If the riders miss a musette then the team cars behind the race will take the bags off the soigneurs and the riders can still go back to there. We keep the cars well stocked anyway so it’s like a little tuck shop for them. They always have the option of going back to the car and in there for this race they have the Duo Bar, Anytime Bar and Gels that the DS will pass out the window to the riders.

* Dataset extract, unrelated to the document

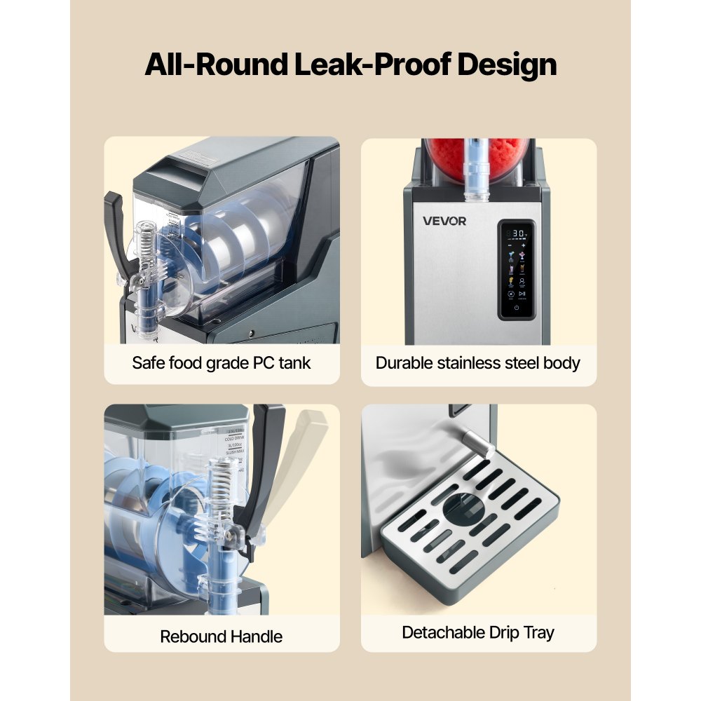 5 προκαθορισμένα προγράμματα: Με 5 προκαθορισμένα προγράμματα, αυτή η μηχανή παρασκευής γλυκών παρασκευάζει γλυκά milkshake, γλυκά με αλκοόλ, κοκτέιλ, γλυκά καφέ και καθημερινά κρύα ποτά. Δεν χρειάζεται πάγος ή προψύξη. Η ζάχαρη πρέπει να είναι ≥6%, το αλκοόλ 6%-16% και δεν επιτρέπονται γλυκά χωρίς ζάχαρη. Γρήγορη ψύξη: Με ισχυρό συμπιεστή, η μηχανή ψύχει γρήγορα τα ποτά, ενώ οι λεπίδες που περιστρέφονται 360° εξασφαλίζουν ομοιόμορφη ψύξη και λεία υφή. Ο χρόνος ψύξης εξαρτάται από τη θερμοκρασία περιβάλλοντος, διαρκεί μόνο 20–65 λεπτά και η λειτουργία με ένα κουμπί σάς επιτρέπει να σερβίρετε, να επιλέξετε ένα πρόγραμμα και να απολαύσετε. Μεγάλη χωρητικότητα: Αυτή η μηχανή slush χειρίζεται αλκοολούχα και μη αλκοολούχα ποτά, από μαργαρίτες μέχρι κατεψυγμένα φρούτα και μιλκσέικ. Προσφέρει 12ωρη μόνωση και οδηγό συνταγών. Ο κουβάς χωράει 4 λίτρα (135 oz), με συνιστώμενη μέγιστη πλήρωση 3,5 λίτρα (118 oz). Εύκολος καθαρισμός: Για συντήρηση, η μηχανή παρασκευής λασπωτήρα προσφέρει λειτουργία αυτοκαθαρισμού. Για βαθύτερο καθαρισμό, ξεκλειδώστε την πίσω λαβή, αφαιρέστε τη δεξαμενή και τα εξαρτήματα και, στη συνέχεια, ξεπλύνετε τα ή τοποθετήστε τα στο πλυντήριο πιάτων. Ένας αφαιρούμενος δίσκος συλλογής υγρών στο κάτω μέρος απλοποιεί περαιτέρω τον καθαρισμό και διατηρεί τον πάγκο τακτοποιημένο. Απλή λειτουργία: Η λειτουργία αυτής της μηχανής παγωμένων ποτών είναι εύκολη: απλώς ρίξτε το υγρό και επιλέξτε ένα πρόγραμμα για να απολαύσετε. Πέντε επίπεδα υφής σάς επιτρέπουν να επιλέξετε πιο παχύρρευστα ή ελαφρύτερα ποτά, ενώ η εργονομική λαβή παρέχει άνετο έλεγχο, κάνοντας το γέμισμα και τη διανομή ομαλό και αβίαστο.

A day of a soigneur is long and tiring for sure, but when it ends like Stage 1 of Tour de Yorkshire with a rider being in the day long break and coming away with the Sprints Jersey…it brings so much joy the team and is most definitely worth it. But as soon as they’re back at the hotel it’s time to eat, sleep and then repeat the process again.
Thank you to Jodie, Tuc and the whole Canyon dhb p/b Bloor Homes team for their time.